My goal is to exclude the rows prefixed by No, for example I'm interested by the word commerce, then I have to keep all rows contains commerce and exclude no commerce. I'm looking for an generic solution
data = {
'description':[
'Commerce foo',
'foo commercial',
'foo no commercial',
'foo commercial boo',
'No commerce',
'foo restaurant',
'boo no restaurant']
}
df = pd.DataFrame(data)
______________________
| description |
__________________________
| 0 | Commerce foo |
| 1 | foo commercial |
| 2 | foo no commercial |
| 3 | foo commercial boo |
| 4 | No commerce |
| 5 | foo restaurant |
| 6 | boo no restaurant |
__________________________
I tried (not working)
search = ['restaurant', 'commerce', 'commercial']
df['description'].str.findall(f'̂̂̂^(?<=no\s)({"|".join(search)})', flags=re.IGNORECASE)
What I'm looking for
______________________
| description |
__________________________
| 0 | Commerce foo |
| 1 | foo commercial |
| 3 | foo commercial boo |
| 5 | foo restaurant |
__________________________
CodePudding user response:
The pattern currently starts with ^(?<=no\s)
which asserts that from the start of the string there should be no
followed by a whitespace char directly to the left.

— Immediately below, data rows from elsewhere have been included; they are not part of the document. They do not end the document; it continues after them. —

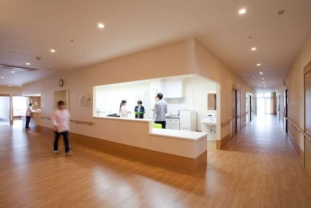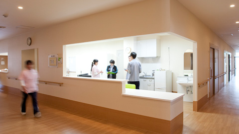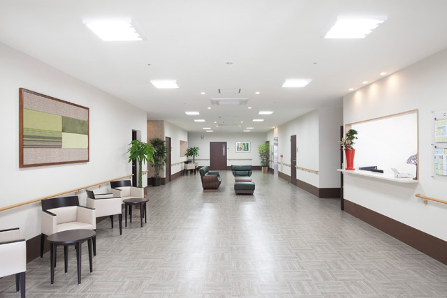 2階のサービスステーションには、24時間スタッフが常駐。また、施設内には中庭もあり、楽しく安心して過ごしていただける充実の設備を揃えています。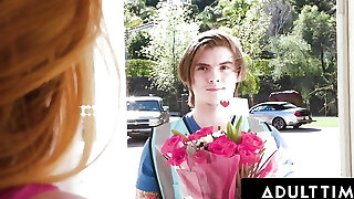 dorosły czas-dziewiczy chłopiec dostawy zostaje oszukany, aby dołączyć do dzikiej, całkowicie odwróconej orgii gangbangowej mamuśki!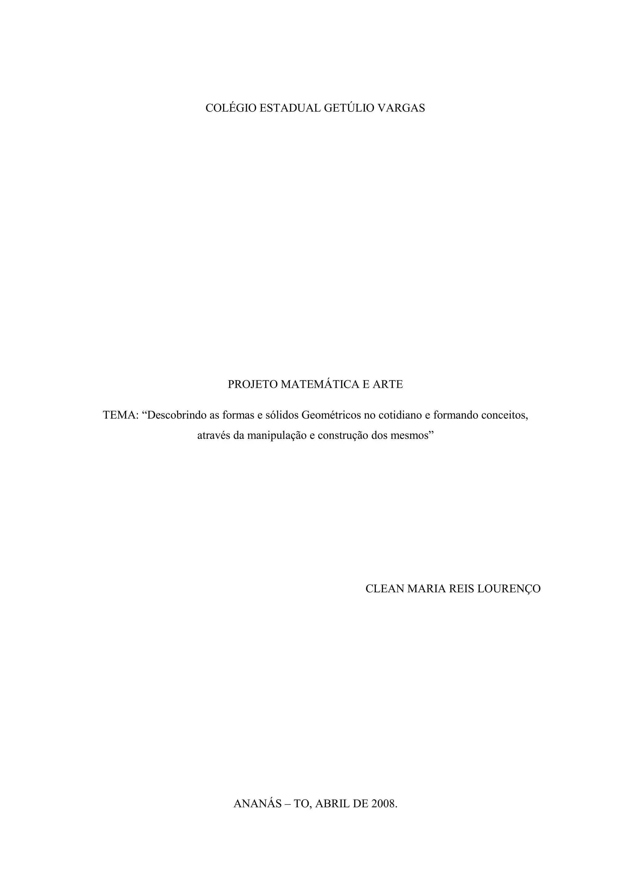 Este documento descreve um projeto interdisciplinar entre matemática e arte em uma escola no Tocantins. O projeto visa ajudar os alunos a entender formas e sólidos geométricos através de atividades práticas e criativas como construção de figuras com Tangram, mosaicos e sólidos geométricos com papel e palitos. O projeto será implementado nas aulas de 1o a 9o ano para melhorar a compreensão dos alunos sobre geometria.

That will not match.
If you want to filter the rows, you can use str.contains instead of findall.
You can remove the anchor ^
and change the assertion to (?<!no\s)
what will assert that there is not no
followed by a whitespace char directly to the left and add word boundaries to the left and right to prevent partial word matches.
For a match only, you can change the capture group to a non capturing one (?:
If you print the pattern, it will look like
\b(?<!no\s)(?:restaurant|commerce|commercial)\b
See a regex demo
data = {
'description':[
'Commerce foo',
'foo commercial',
'foo no commercial',
'foo commercial boo',
'No commerce',
'foo restaurant',
'boo no restaurant']
}
df = pd.DataFrame(data)
search = ['restaurant', 'commerce', 'commercial']
print(df[df['description'].str.contains(fr'\b(?<!no\s)(?:{"|".join(search)})\b', flags=re.IGNORECASE)])
Output
description
0 Commerce foo
1 foo commercial
3 foo commercial boo
5 foo restaurant